*Exercise prompt:* Print the lines from the one containing "FL REF. 73910" through the end of the material below, both included, exactly as they appear and without pictures.

+===+

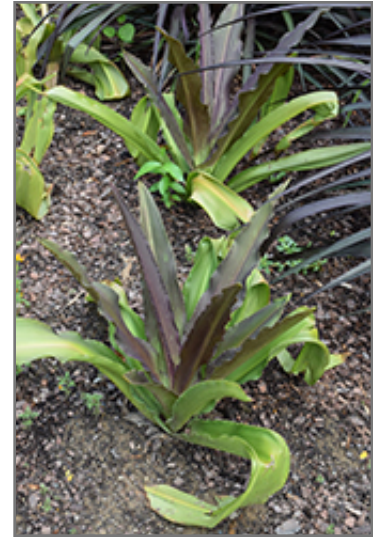
African Night Pineapple Lily

African Night Pineapple Lily will grow to be about 24 inches tall at maturity extending to 3 feet tall with the flowers, with a spread of 4 feet. When grown in masses or used as a bedding plant, individual plants should be spaced approximately 3 feet apart. Its foliage tends to remain dense right to the ground, not requiring facer plants in front. It grows at a medium rate, and under ideal conditions can be expected to live for approximately 10 years. As an herbaceous perennial, this plant will usually die back to the crown each winter, and will regrow from the base each spring. Be careful not to disturb the crown in late winter when it may not be readily seen!
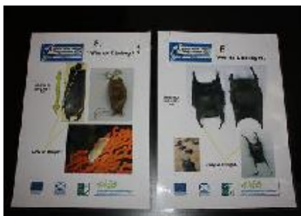
Fig 3; Eggcase ID posters used in Mull school event for Treasure hunt games.

Due to the popularity of the educational visits, the educational pack has been updated throughout phase two, and will soon be available on the SSTP website, www.tagsharks.com/reading-room-2 for teachers to download for in-house lessons and activities.
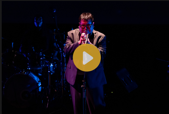
Groove Warrior at REDCAT
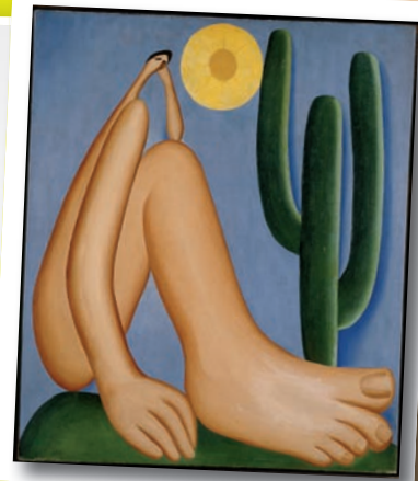
ART: AMARAL, TARSILA DO ABAPORU, 1928 ÓLEO SOBRE TELA, C.I.D. 85 X 73 CM. COLEÇÃO COSTANTINI, BUENOS AIRES, ARGENTINA. TARSILA DO AMARAL EMPREENDIMENTOS / REPRODUÇÃO FOTOGRÁFICA ROMULO FIALDINI.

Now, create a sentence about this picture. Use one or more words from the list. Follow the example:
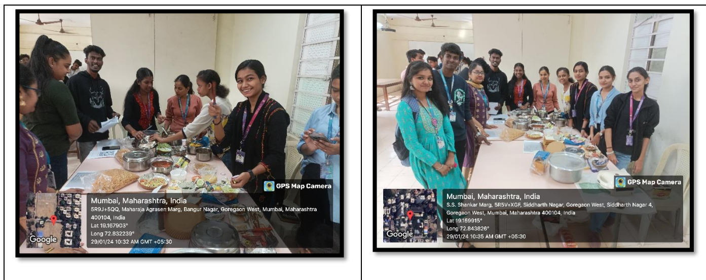
Food Stall at Yug
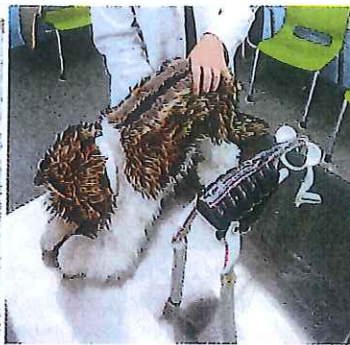
Developing a low-fidelity model to help students learn to palpate the feline abdomen, p 151
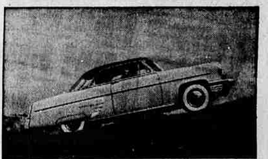
NEW PERFORMANCE —Proved V-8 performance, greatest in our exclusively V-8 history. And your choice of three great drives: silent-ease standard, economical Touch-O-Matic Overdrive*, and smooth, no-shift Merc O-Matic*. *Optional at extra cost

Just taste it! You'll agree it's... "Cheerful as its Name"
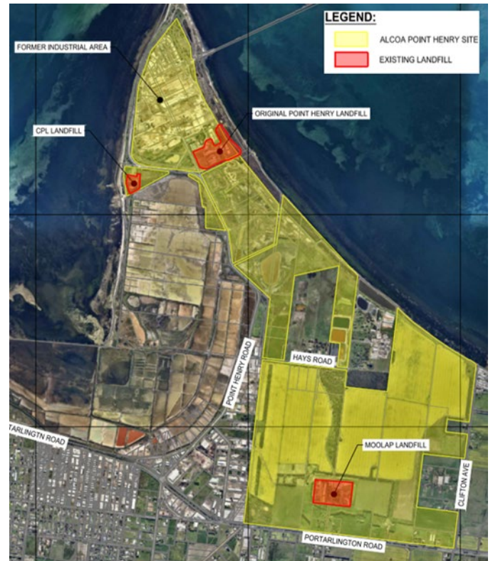
Above: Aerial photograph highlighting the three existing landfills at Point Henry.

The landfill consolidation project is underpinned by a Works Approval from EPA Victoria and a Planning Permit from CoGG. Both approvals are subject to stringent conditions. Read more about the project here .
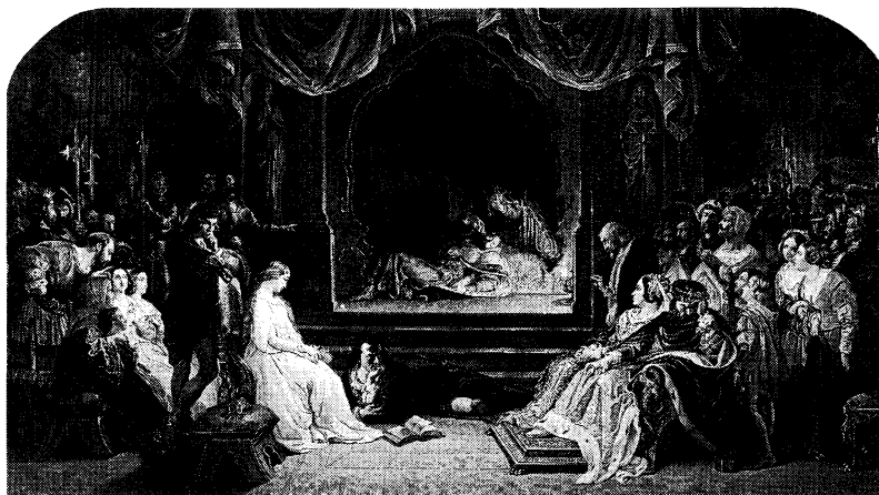
Fig. 7 C. W. Sharpe, after Daniel Maclise, The Play Scene in Hamlet (private collection)
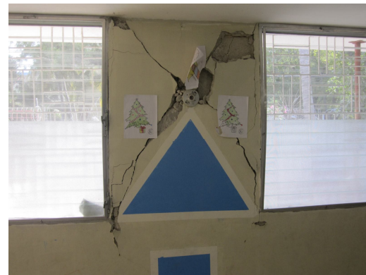
Damaged supporting wall at CCF
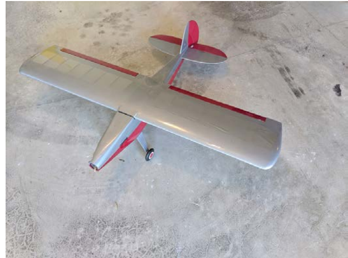
Spirits of St. Louis racer for .15 size engine.
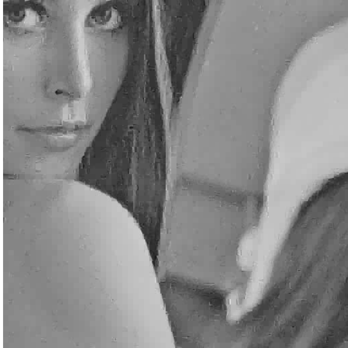
Figure 6: Four times magnified “Lena” Fractal technique
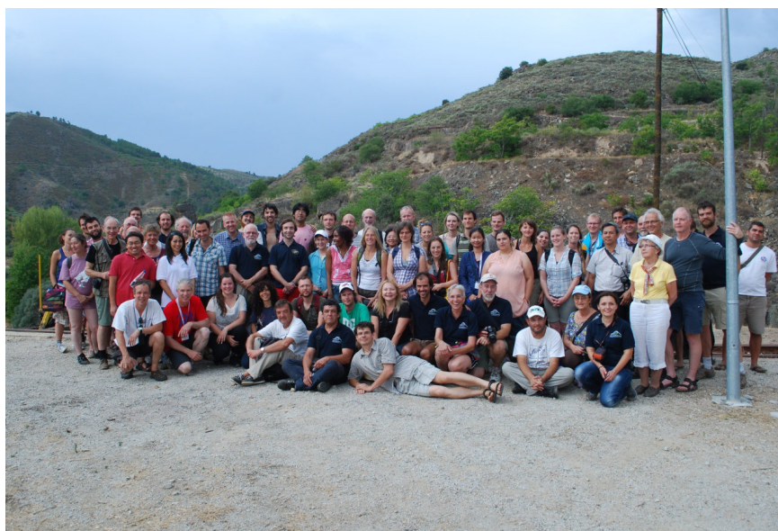
Participants of the Braganca Meeting
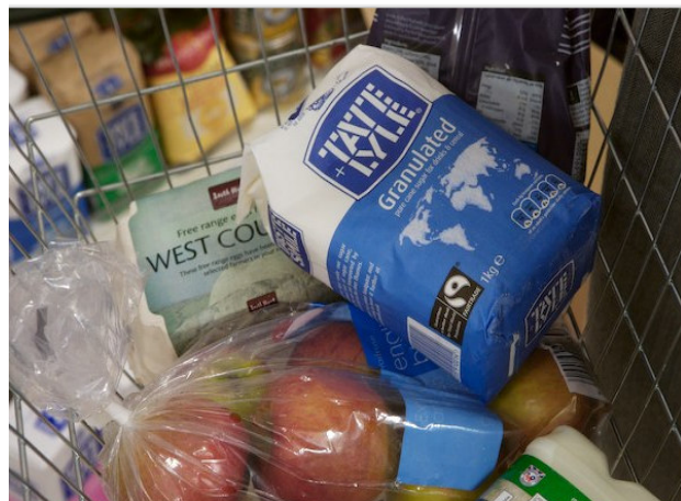
Tate & Lyle Fairtrade cane sugar – In shopping basket
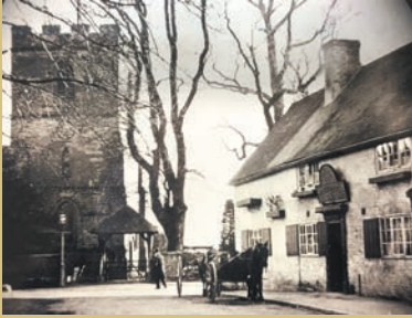
St Laurence Church and the Great Stone Inn c1900

Northfield has a long history of settlement dating back to the Iron Age.
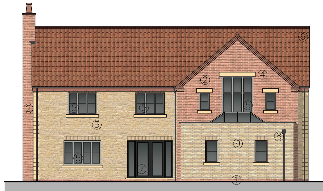
REAR ELEVATION 1:100 @ A1
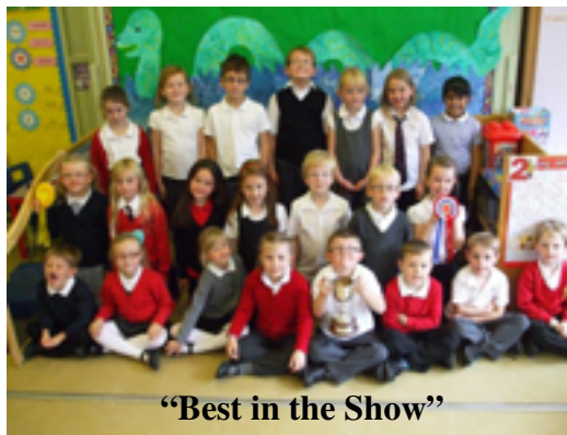
"Best in the Show"

under 12's and commendably, best exhibit in the Show. The children have a fine trophy to show for their hard work.
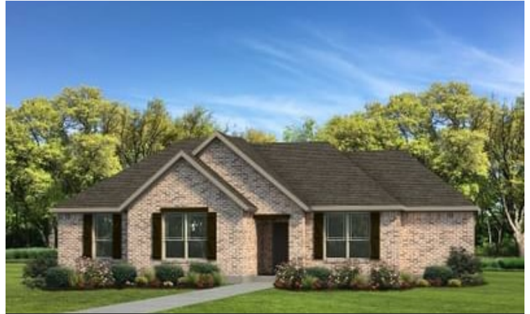
Elevation B - The Nacogdoches
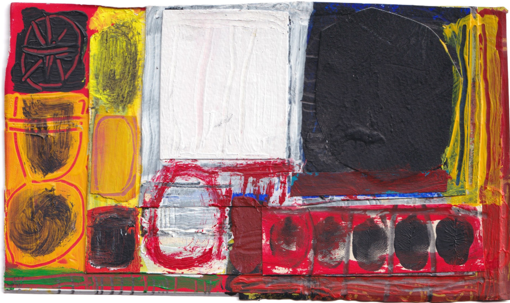
Peaks & Valleys 2024 mixed media collage 12 x 20cm
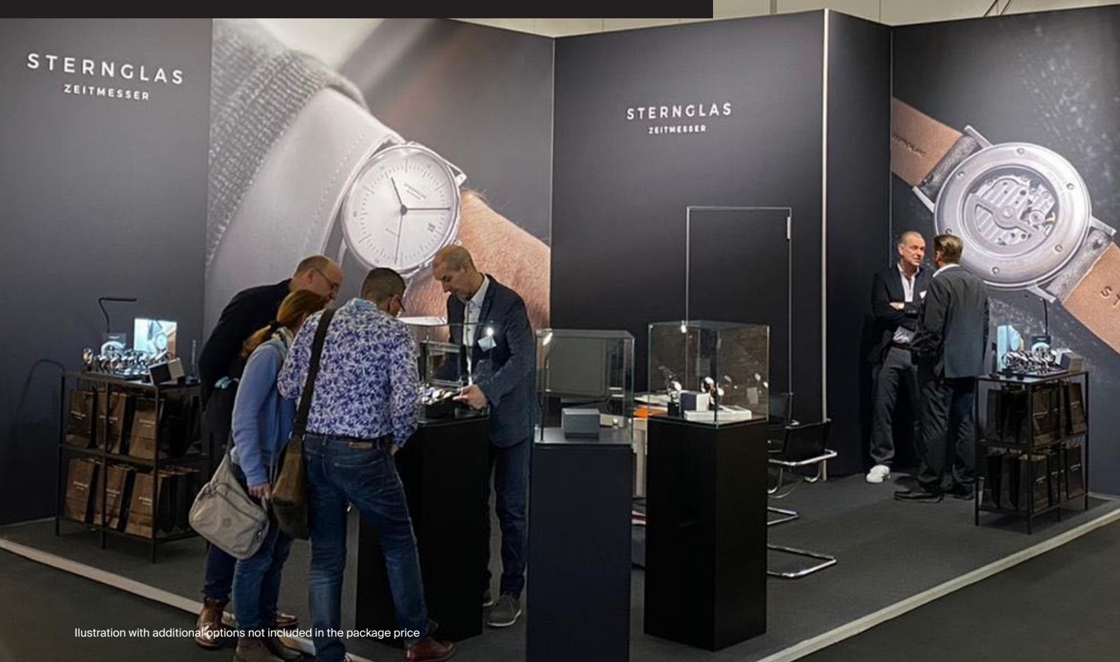
Illustration with additional options not included in the package price
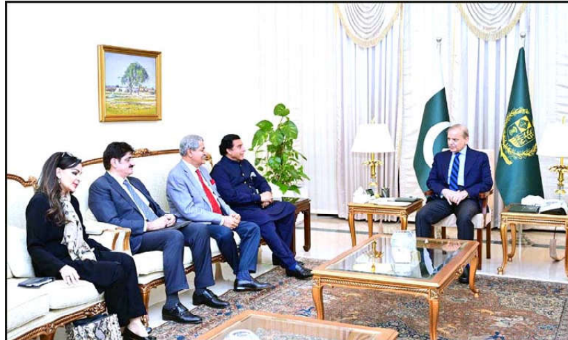
ISLAMABAD: A delegation of Pakistan Peoples Party calls on Prime Minister Muhammad Shehbaz Sharif.

The COAS said that Pakistan has historic, cultural and brotherly ties with Iran and the Armed Forces of Pakistan and Iran have always stood together. General Bagheri thanked the COAS for sharing grief and vowed to continue the cooperation between the two militaries.
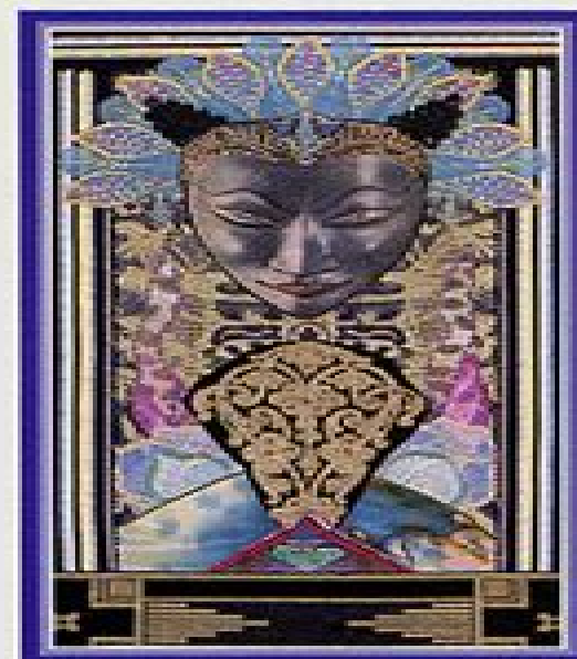
15 THE DEVIL
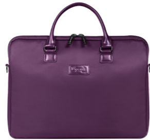
LAPTOP BAG 17" FL REF. 73910

● ● ● ● ● ● 40 X 29 X 4 CM 0.35 KG 4.5 L
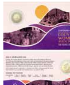
100 year coin: $12.50
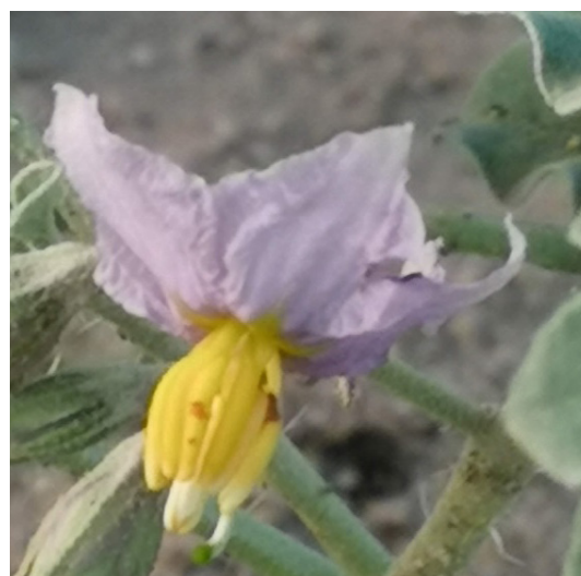
Solanum nigrum L.

+===+

*Task answer:*
LAPTOP BAG 17" FL REF. 73910

● ● ● ● ● ● 40 X 29 X 4 CM 0.35 KG 4.5 L
100 year coin: $12.50
Solanum nigrum L.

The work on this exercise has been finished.